In fact I can’t help wondering what ‘old’ technology (and ideas) I should keep and what ‘new’ technology (and ideas) I should embrace. How should I face new technology? With enthusiasm or disdain?
I wonder, sometimes, whether angry reactions against technology aren’t character- rather than reason-driven, motivated by some idea of pre-lapsarian grace. Throw away your technology! Be pure! Teach (for example) like we used to, just the teacher and the student dialoguing together, and eschew the computer in the corner. But that’s a bit like dogme film-making without tricks in the world of Avatar (with all the positive and negative connotations that comparison brings with it).
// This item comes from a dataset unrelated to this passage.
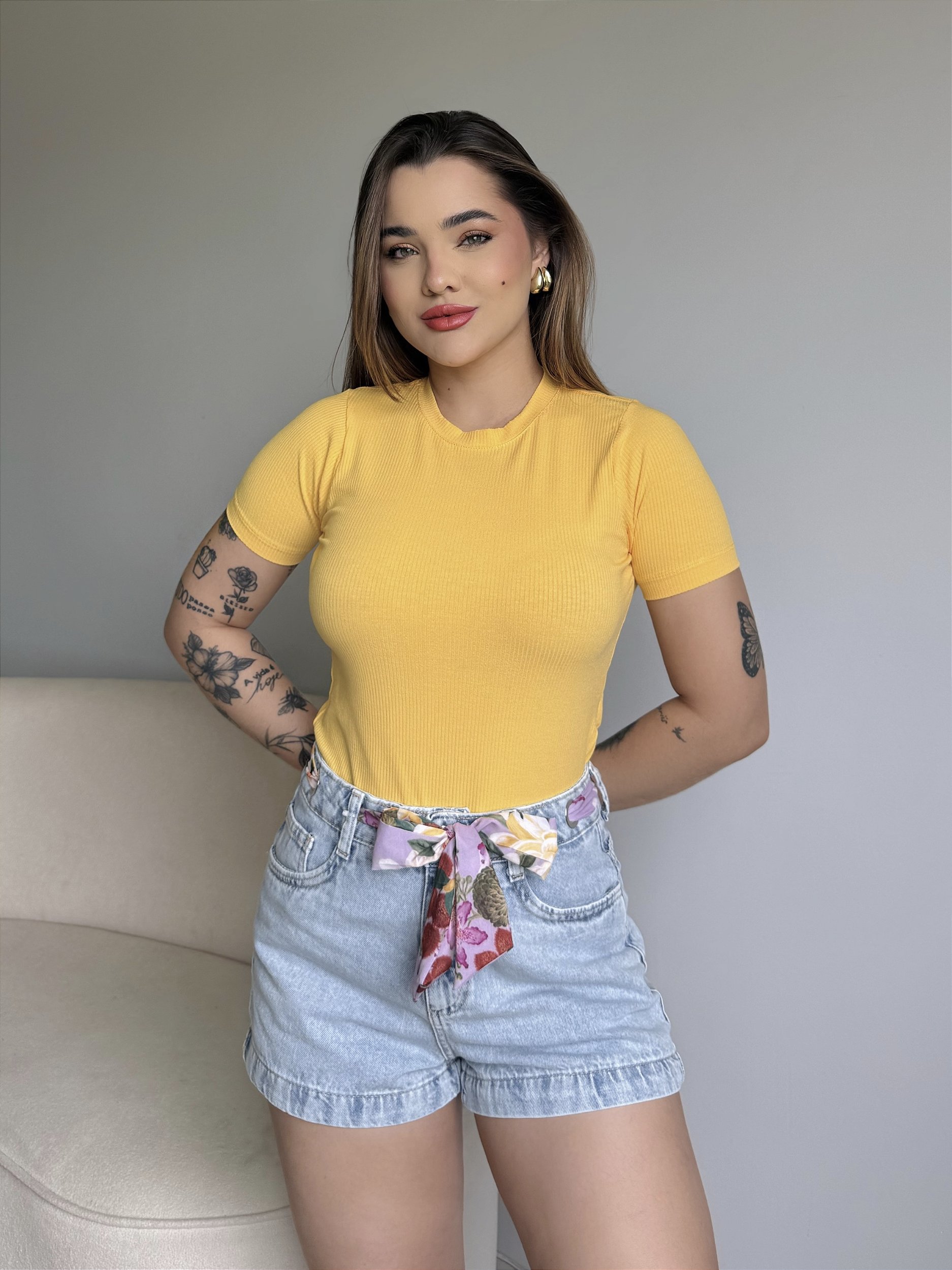 Nossa T-shirt Canelada Premium combina conforto, elegância e versatilidade em uma peça indispensável. Confeccionada em tecido canelado de alta qualidade, com toque macio e excelente caimento, ela se ajusta ao corpo de forma leve e confortável. O design minimalista valoriza a silhueta e permite composições que vão do casual ao sofisticado, ideal para o dia a dia ou produções mais elaboradas.

And yet the ways we did things back then were full of wisdom and good practice. What motivated teachers then, for example, (in a pedagogic sense) makes as much sense today and tomorrow as it ever did – I mean truths like learner-centredness, the value of rapport, the importance of teacher ‘presence’ (discussed recently in ‘An A-Z of ELT’). But that doesn’t mean we have to be stuck in those times, does it? Does it?
And what of presenting? The lecture is still around, of course, and the big conferences. But there are workshops now, conferences in Second Life, Second life interviews (I can’t resist this link!), video-ed talks online, the ubiquity of powerpoint and the thrill of Pecha Kucha.
So I guess my question to you is this: as teachers, trainers and presenters what do you think we should keep from before, and what do you think we should embrace from the exciting world that confronts us? How, as teachers and methodologists, can we pay appropriate respect to what was done before whilst at the same time being open to the future?
Or to put it in another context;
a) which of these would you keep? Board, tape recorder, flip chart, OHP – or something else from the past, and
b) What one piece of IT hardware/software would you want everyone to own?